Taking this logic even further, suppose one of the nanopore technologies could really scan very long DNAs, perhaps 100Kb or more. Perhaps the quality is terrible, but again, as long as its just good enough. For example, suppose the error rate was 15%, or a phred 8 score. AWFUL! But, in a sequence of 10,000 (standing for the size of a fair-sized sequence island in an assembly) you'd expect to find nearly 3 runs of 50 correct bases. Clearly some clever algorithmics would be required (especially since with nanopores you don't know which direction the DNA is traversing the pore), but this would suggest that some pretty rotten sequencing could be used to order sequence islands along long reads.
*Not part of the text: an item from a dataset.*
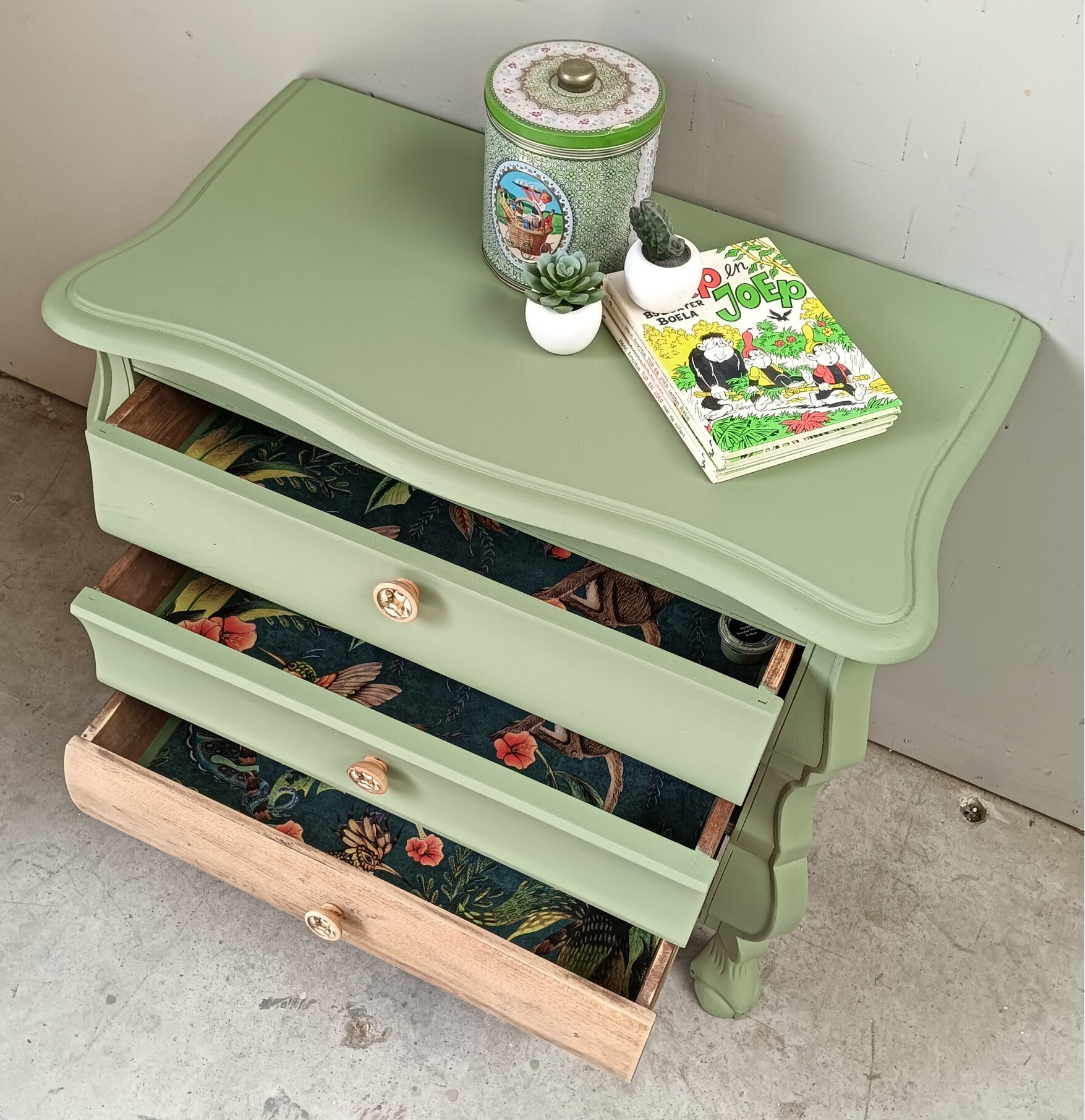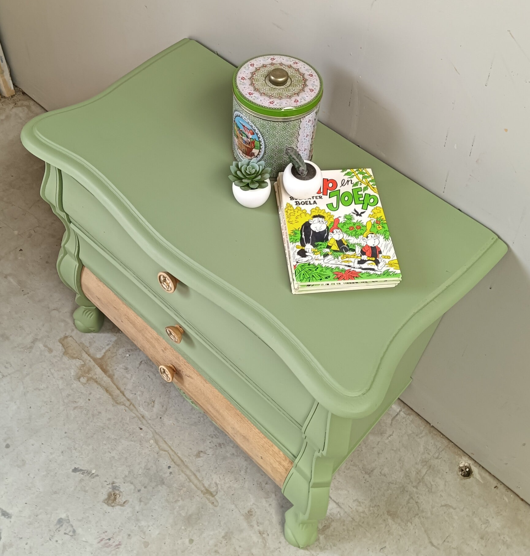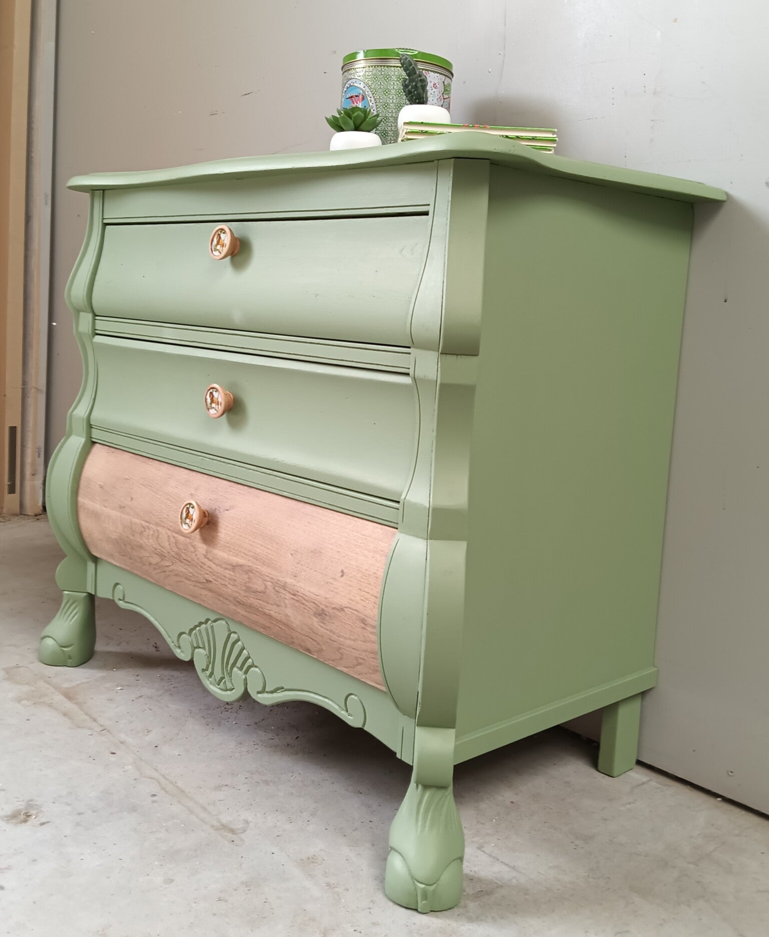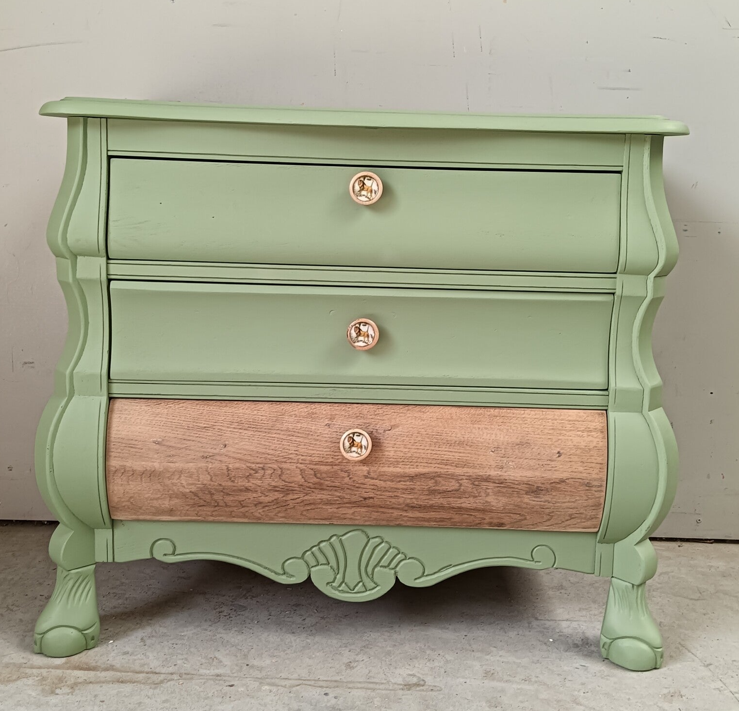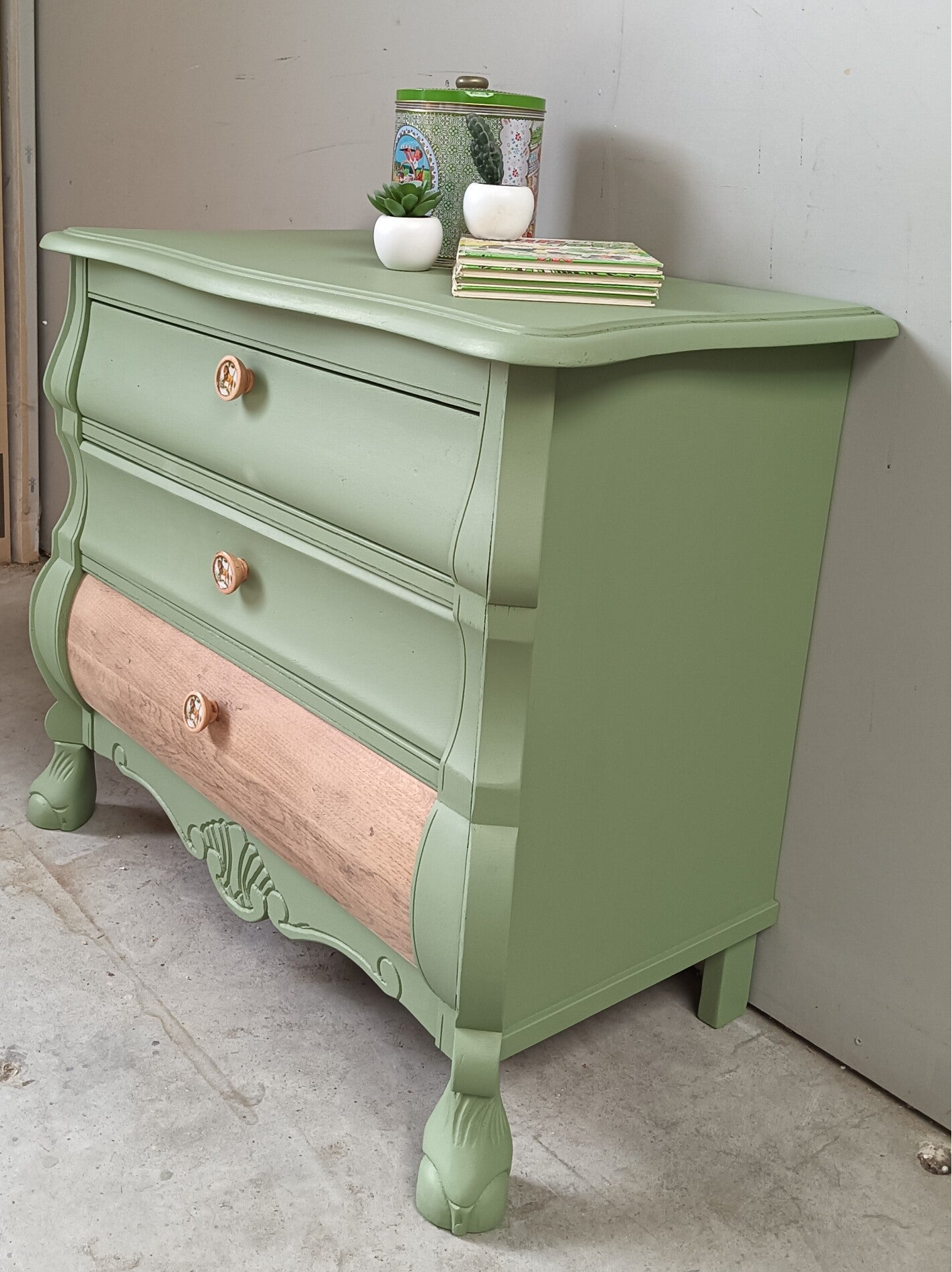 Een heerlijk model dit buikkast. Vrolijk en fris groenkleurtje, te weten Concervatory van Fusion Mineral Paint. De combinatie met de lade in orgineel hout is wat ons betreft een prettige. De toffe knoppen in jungle stijl maken het geheel helemaal af. Lades lopen overigenes goed en ook hebben deze een leuke jungle accent gekregen :-).

Yet another variant on this line of thinking would be to use nanopores to read defined sequence landmarks from very long fragments. Once you have an initial assembly, a set of unique sequences can be selected for synthesis on microarrays. While PCR is required to amplify those oligos, it also offers an opportunity to subdivide the huge pool. Furthermore, with sufficiently long oligos on the chip one could even have multiple universal primer targets per oligo, enabling a given landmark to be easily placed in multiple orthogonal pools. With an optical nanopore reading strategy, 4 or more color-coded pools could be hybridized simultaneously and read. Multiple colors might be used for more elaborate coding of sequence islands -- i.e. one island might be encoded with a series of flashing lights, much like some lighthouses. Again, clever algorithmics would be needed to design such probe strategies.
How far away would such ideas be? Someone more knowledgeable about the particular technologies could guess better than I could. But, it would certainly be worth exploring, at least on paper, for anyone wanting to show that nanopores are close to prime time. While really low quality reads or just landmarking molecules might not seem exciting, it would offer a chance to get the technology into routine operation -- and from such routine operation comes continuous improvement. In other words, the way to push nanopores into routine sequencing might be by carefully picking something other than sequence -- but making sure that it is a path to sequencing and not a detour.